What Will The Implementation Of The New Labour Codes Mean For Companies?

Posted On - 5 June, 2024 • By - King Stubb & Kasiva

As the New Labour Codes is expected to be implemented by the new Indian government once it is formed, we bring you the key implications of the New Labour Codes.

Consolidation of labour and employment laws:

As per a press release of the central government, around 100 state and 40 central laws are currently regulating various aspects of labour in India. With the objective of simplifying compliance and modernizing or updating the labour regulations to meet present-day requirements, the Indian government has enacted four Labour Codes.

New Labour Codes:

The New Labour Codes (mentioned below) will replace 29 central labour and employment laws.

  • Code on Wages, 2019
  • Code on Social Security, 2020
  • Occupational Safety, Health, and Working Conditions Code, 2020
  • Industrial Relations Code, 2020

The major laws that are not subsumed under the New Labour Codes are:

  • The Sexual Harassment of Women at Workplace (Prevention, Prohibition, and Redressal) Act, 2013
  • Apprentices Act, 1961
  • State-specific Shops and Establishments Acts
  • Child and Adolescent Labour (Prohibition and Regulation) Act 1986

Code on Wages, 2019: Salient Features

  • It consolidates the Payment of Wages Act, 1936, the Minimum Wage Act, 1948, the Payment of Bonus Act, 1965, and the Equal Remuneration Act, 1976.
  • It applies to all “establishments” and “employees”.
  • Unified definition of “wages” is provided. Employers are prohibited from paying less than the minimum wage. National floor wage to be set by central government, and the revision of floor and minimum wages will be undertaken at intervals not exceeding 5 years.
  • The employer shall pay or cause to be paid wages to the employees, engaged on a monthly basis, before the expiry of the 7th day of the succeeding month. Where an employee has been removed or dismissed from service, or retrenched or has resigned from service, or became unemployed due to the closure of the establishment, the wages payable to him shall be paid within 2 working days of his removal, dismissal, retrenchment or resignation.
  • The monthly basic compensation of an employee must be at least 50% of the monthly payment.
  • The statutory bonus of 8.33% of the wages is to be paid to the eligible employees, irrespective of a dispute relating to the payment of the bonus at a higher rate.
  • Disqualification from receiving a bonus in case the employee is found guilty of sexual harassment.
  • The inspectors are allowed to advise the establishments on compliance, in addition to their power to inspect the establishments, as may be prescribed under the relevant rules.
  • Enhanced penalties for non-compliance and compounding of offenses are possible in some cases.
  • The limitation for filing claims by a worker is enhanced to 3 years.

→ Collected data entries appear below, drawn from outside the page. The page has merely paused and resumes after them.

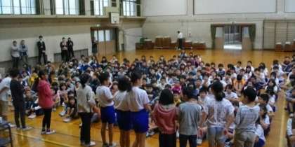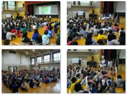校歌を歌ったあと,教頭先生から「みんなのパチパチ」についてのお話を聞きました。自分で時計をみて行動できるところが素敵なところです。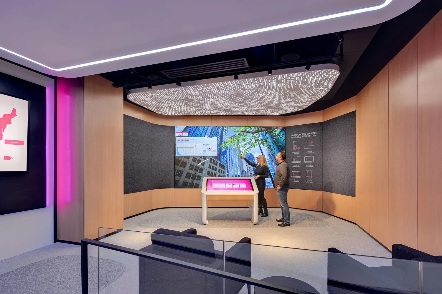 The Executive Briefing Centers now provide a consistent, high-impact experience across all locations, empowering T‑Mobile to engage clients in meaningful ways. Visitors benefit from interactive and personalised storytelling that communicates the capabilities and innovations of T‑Mobile for Business growing portfolio of services.
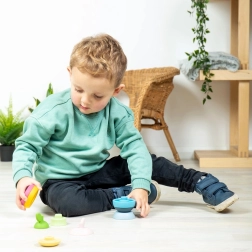 Het stapelen en sorteren van onderdelen ontwikkelt de grip, oog-handcoördinatie en concentratie. Ideale activiteit voor kinderen vanaf 1 jaar.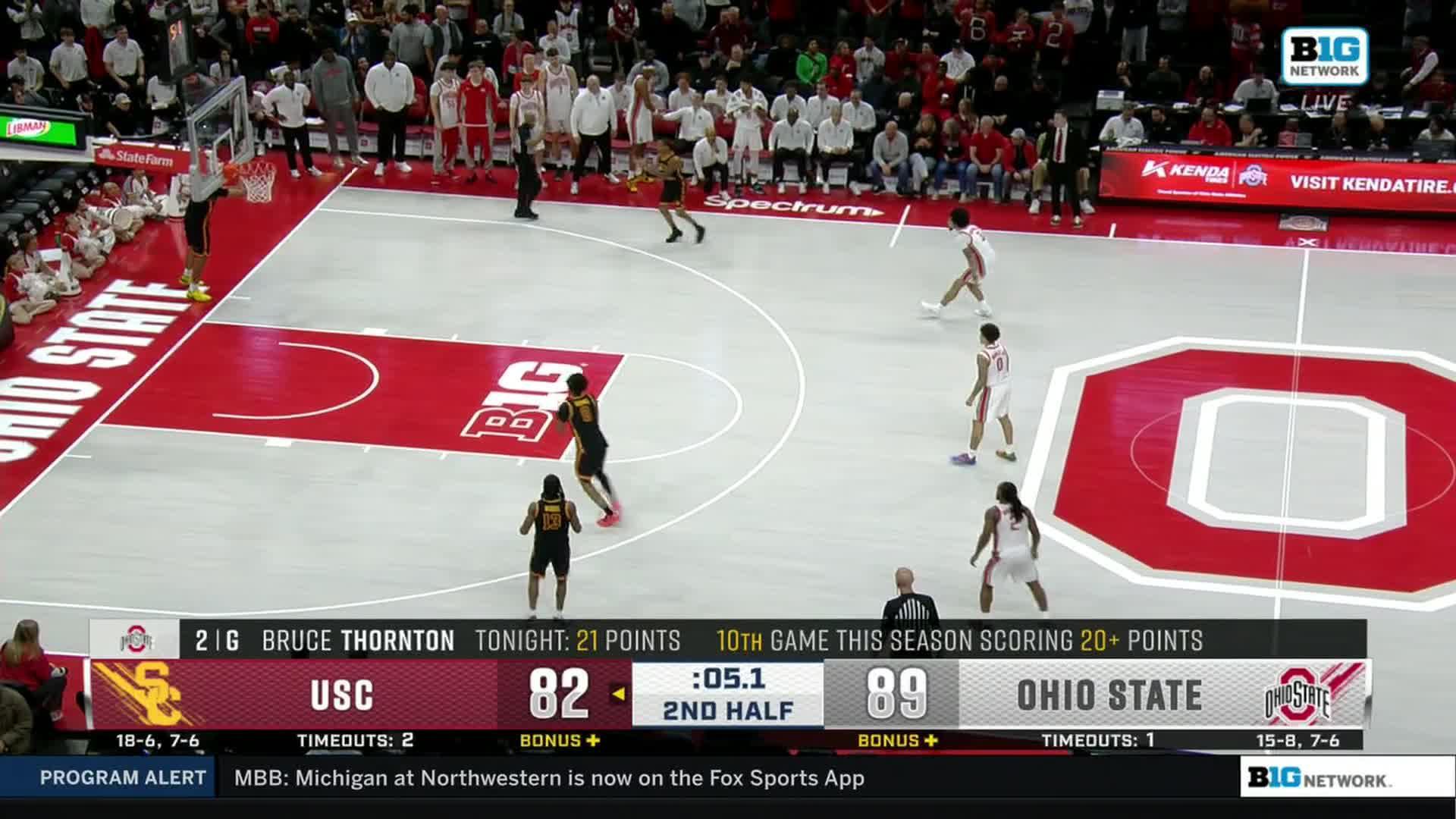 Thornton's 21 points lead Ohio State over USC 89-82. Bruce Thornton scored 21 points and hit two late throws to help Ohio State secure an 89-82 win over USC on Wednesday.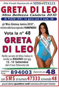 PIZZO – A rappresentare la provincia vibonese al concorso di bellezza più famoso d’Italia, v’è la giovanissima Greta Di Leo. Una bellezza acqua e sapone che certamente non poteva passare inosservata: 1.75 di altezza, castana, sguardo intenso e tanta semplicità a contraddistinguerla. Diciotto anni da poco compiuti ma una maturità al pari di un adulto. Non da meno Greta è impegnata nel sociale: già da parecchi anni, vive quale volontaria, il territorio ed è sempre stata attiva a favore della collettività; del resto è figlia del presidente del comitato provinciale Arcipesca fisa – Protezione civile, Franco Di Leo, dunque, Greta ha sempre vissuto a diretto contatto con il tessuto sociale. Una bellezza statuaria,un viso acqua e sapone e tanta semplicità, questa è Greta. Per lei il concorso di bellezza è stato soltanto un gioco, un voler provare e vivere quell’esperienza nella totale spensieratezza. Ha altri obiettivi, del resto, nella vita: prioritario il diploma (è studentessa presso il liceo linguistico del capoluogo) e, subito dopo, il suo desiderio più grande è entrare all’accademia militare, poichè la Marina militare l’ha sempre affascinata. A sostenerla anche mamma Daniela, la quale l’ha sempre affiancata nelle numerose trasferte calabresi, nelle quali ha ottenuto la fascia di miss Gioiosa Ionica e miss Rocchetta, ed i due fratelli, Bruno e Federico. Per la città di Pizzo è un momento importante poichè potrebbe vedere il suo nome veicolato a più non posso ed essere ricordata, non soltanto per il re Gioacchino Murat, nè per il famoso tartufo e nè per il tonno, ma a fare da Caronte, questa volta vi sarà la bellezza pura di Greta. Per sostenerla, i prossimi 12 e 13 settembre, nelle serate in cui andrà in onda la trasmissione “Miss Italia” su Raiuno, componete il numero di telefono fisso 894003 e digitate il n.48 (oppure tramite sms al numero 47333, scrivete sempre il numero 48.)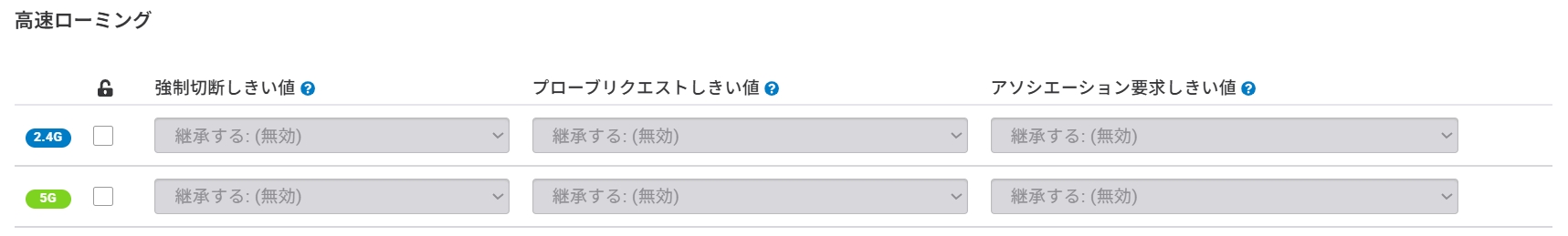 バンドのセクションでは、個別の無線設定が可能です。デフォルトではネットワーク全体の無線設定が適用されます。デフォルトとは異なるアクセスポイントの無線設定にしたい場合は、カスタム値でオーバーライドできます。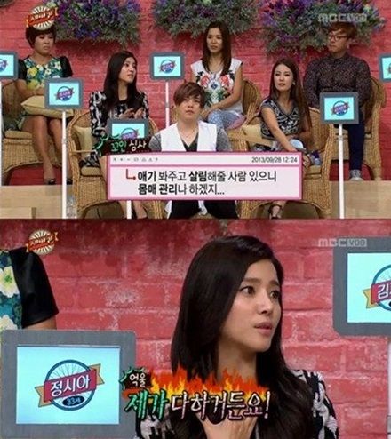 지난 28일 방송된 MBC '세바퀴'에 출연한 정시아는 육아로 인한 체력소모로 살이 찌지 않는 것에 대해 악플이 달려 괴롭다고 고백했다.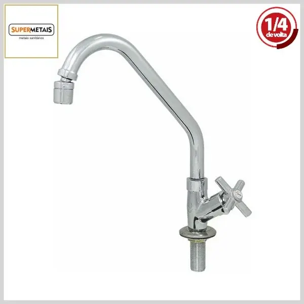 Produto com corpo e volante em metal cromado, sendo indicado para uso em pias de cozinhas, churrasqueiras e similares. Possui entrada em 1/2" e sistema de vedação 1/4Volta Mvc cerâmico.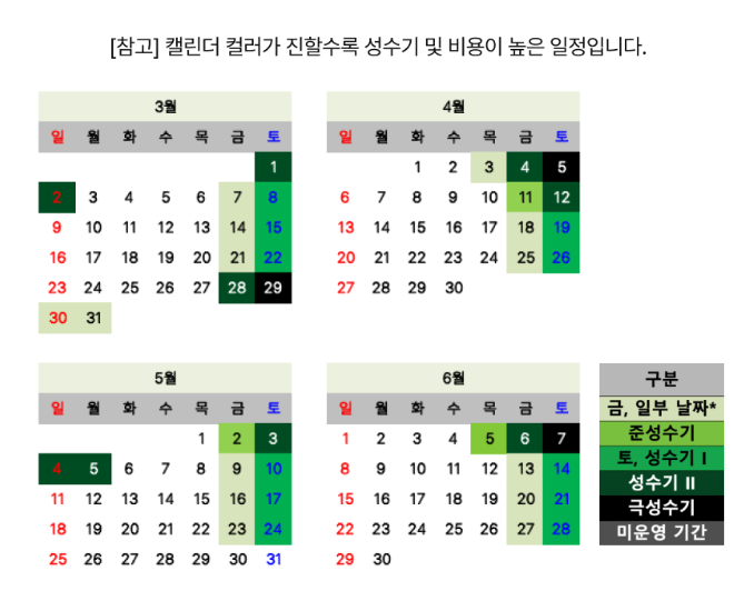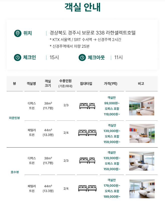객실 타입과 성수기/비수기 캘린더입니다. 색깔이 진할수록 높은 비용을 지불해야하므로 날짜를 잘 선택하시는 것이 중요합니다. 가장 추천 타입은 호수뷰 디럭스룸입니다. 2-3인이라면 호수뷰 디럭스룸으로 충분히 즐기실 수 있습니다.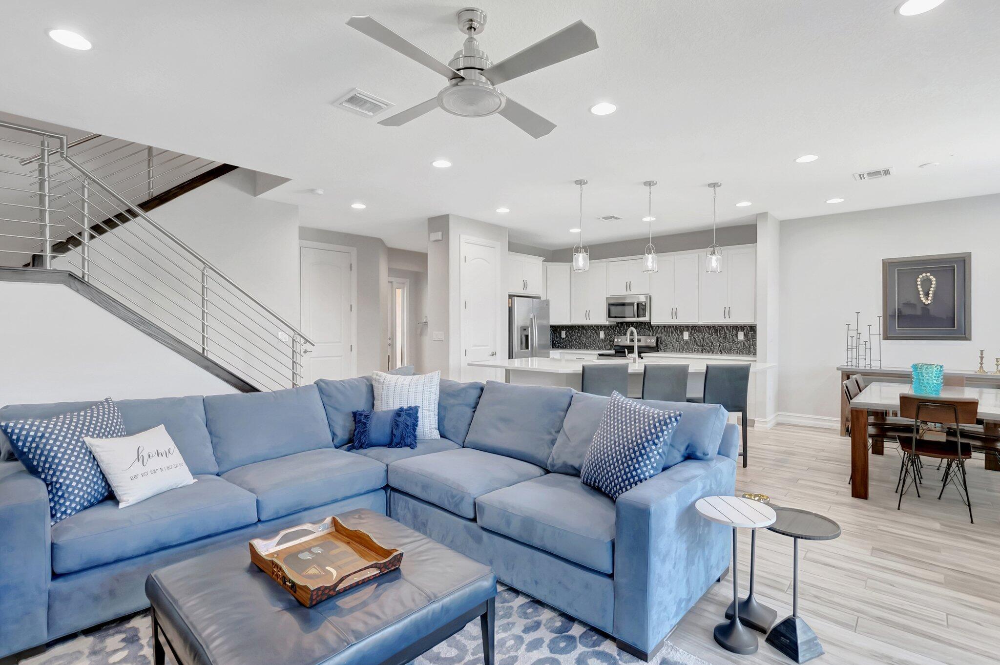 HUGE PRICE REDUCTION..MOTIVATED SELLER! Beautifully appointed 3 bedroom, 2.5 bath townhouse overlooking expansive lake and golf course is a must see! This newer built home features an open concept floorplan, a gourmet kitchen with quartz countertops, great island and stainless steel appliances opening to a large family room and dining area. Beautiful upgraded staircase, large primary bedroom with a custom spa-like bathroom and large closets. The secondary rooms are also very spacious. Laundry room is conveniently located on the second floor. This townhouse also has a two car garage. Private upscale community clubhouse with pool, gym and party room.

Code on Social Security, 2020: Salient features

  • Consolidates 9 central laws, including the Employees’ Provident Fund and Miscellaneous Provisions Act, 1952, the Employees’ State Insurance Act, 1948, the Employees’ Compensation Act, 1923, the Payment of Gratuity Act, 1972 and the Maternity Benefit Act, 1961.
  • It is not necessary to register the establishment again if it is already registered under existing law.
  • ESIC benefits extend to all industries involved in hazardous processes, even if they employ one worker.
  • Specified definitions of fixed-term employment, home-based worker, self-employed worker, platform worker, and gig worker, and a social security framework to cover these employees is prescribed.
  • Aggregators have been introduced in the Code as a digital intermediary or marketplace for a buyer or user of a service to connect with the seller or the service provider. Listed aggregators are to contribute 1%–2% of their annual turnover to the social security fund for gig and platform workers.
  • The requirement of a minimum period of service has been removed for payment of gratuity in the case of fixed-term employees.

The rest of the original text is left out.